The picture is perfect.
“Your husband? He’s going to love this shot,” I assure her, as I look at the picture I’ve captured. “Just love it.” Then, feeling victorious, I pack up my things and hurry up the stairs.
Let her think about her bleak future.
The woman was mad, Olivia thought. Cold, calculating, and mad as a hatter.
And obsessed with Bentz.
As Olivia stood imprisoned in the cage, gently rocking with the boat, fear slithered through her like a nest of tiny worms. She stared at the photo album left only a few feet from her cell. Opened to the page with the twenty-odd-year-old Christmas picture, the leather-bound volume was thick. Its plastic-coated pages had been filled with snapshots and clippings and cards, the work of an obsessed, sick mind.
Why?
Who was she?
Why was she so intent on Bentz?
Not that it mattered; the important thing was that Olivia had to escape. And soon. How, she didn’t know, but she had to find a way because she was certain that she was scheduled to die.
She just didn’t know when.
She noticed something else on the pages. Red smudges like…drops of blood? Crimson drips staining the photographs and smeared over the plastic. Oh, God. Whose blood? This maniac who held her? Or someone else’s?
Jennifer’s.
This woman is consumed with her.
No way! Jennifer was long dead.
Olivia was suddenly and violently nauseous. In an instant, she knew she was going to throw up. She scrambled across her cell and barely made it to the bucket before she retched though there was little in her stomach but acid and bile.
Again!
Her insides protested and she felt weak.
It couldn’t be morning sickness. Not like this.
No, she was certain, this had nothing to do with her pregnancy. She was reacting to the horror that had become her life.

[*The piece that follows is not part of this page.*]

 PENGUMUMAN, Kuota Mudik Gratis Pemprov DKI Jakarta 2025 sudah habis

Bentz felt as if he hadn’t slept a wink. He’d spent most of the night trying to find a clue as to what had happened to Olivia. Where she was. If she were still alive.
He’d pulled up Olivia’s cell phone records online and seen that the last call she’d taken was right after he’d spoken with her after she’d landed at the airport. No doubt the brief call was from Sherry Petrocelli’s number. He’d dialed that number just in case he was wrong, but a taped recording threw him into Petrocelli’s voice mail.

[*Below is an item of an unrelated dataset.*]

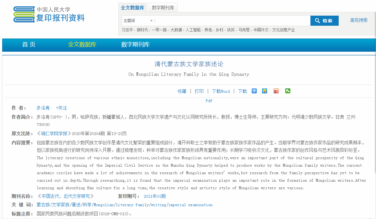 《清代蒙古族文学家族述论》一文被人大复印资料《中国古代、近代文学研究》2021年第1期全文转载

According to phone records, after the call from Petrocelli, Olivia hadn’t spoken to anyone; there were only short, one-minute calls from a couple of numbers: his and Hayes’s. “Shit,” he’d said, frustrated as hell. He’d called Hayes, given him the info, then reminded the detective that there was a G.P.S. locator in his wife’s phone.
Bentz had gotten nowhere with the cell phone company on that one; Hayes would have to use his police department influence to pry out any information he could from them.

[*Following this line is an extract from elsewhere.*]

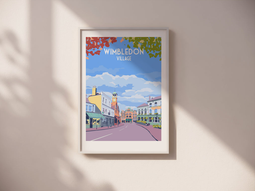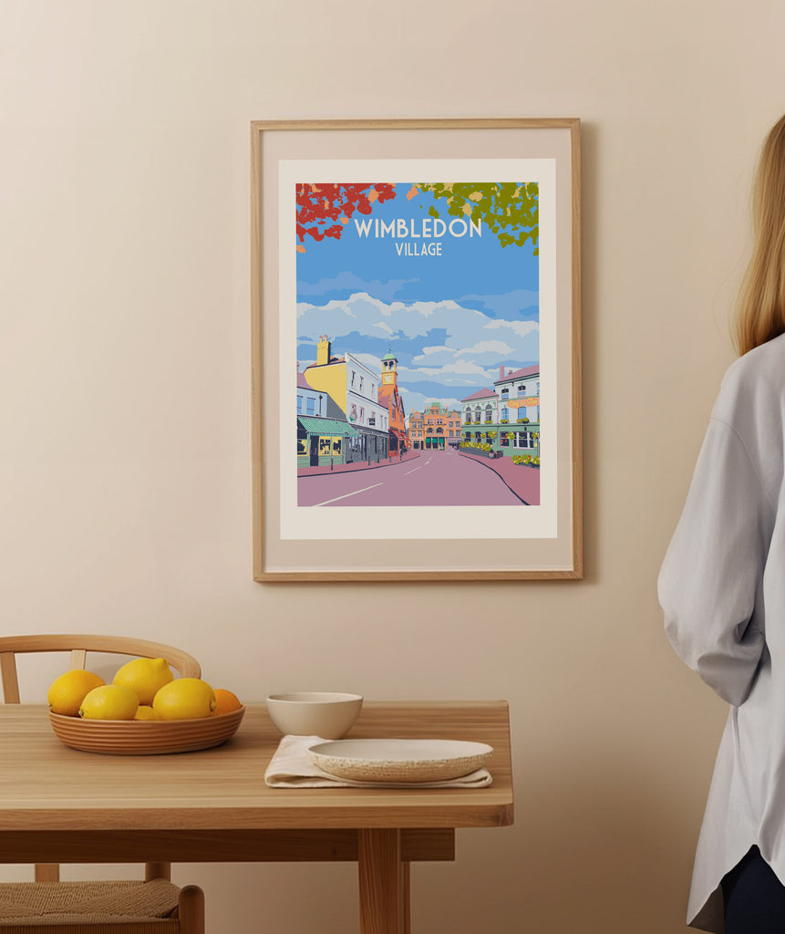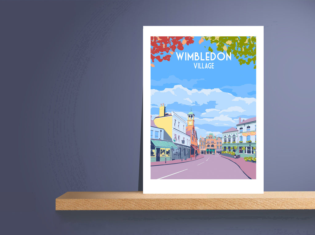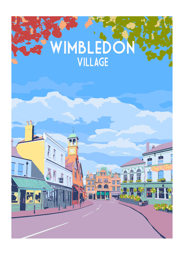 Limited edition fine art print of Wimbledon Village in a modern travel poster style.

After digging through the cell phone info, Bentz had been up most of the night on the computer, searching for anything he could find on Yolanda Salazar and Fernando Valdez. He studied the DMV photo of Fernando that Montoya had sent, wondering what the kid was up to. Most of the information Yolanda and Sebastian Salazar had given them the night before had checked out, including the name of the restaurant where her brother worked. Sebastian had told Hayes that Fernando worked the afternoon shift at the Blue Burro, and Bentz intended to pay the guy a visit later in the day. Bentz was tired of playing by the rules; he just wanted answers and he wanted them fast.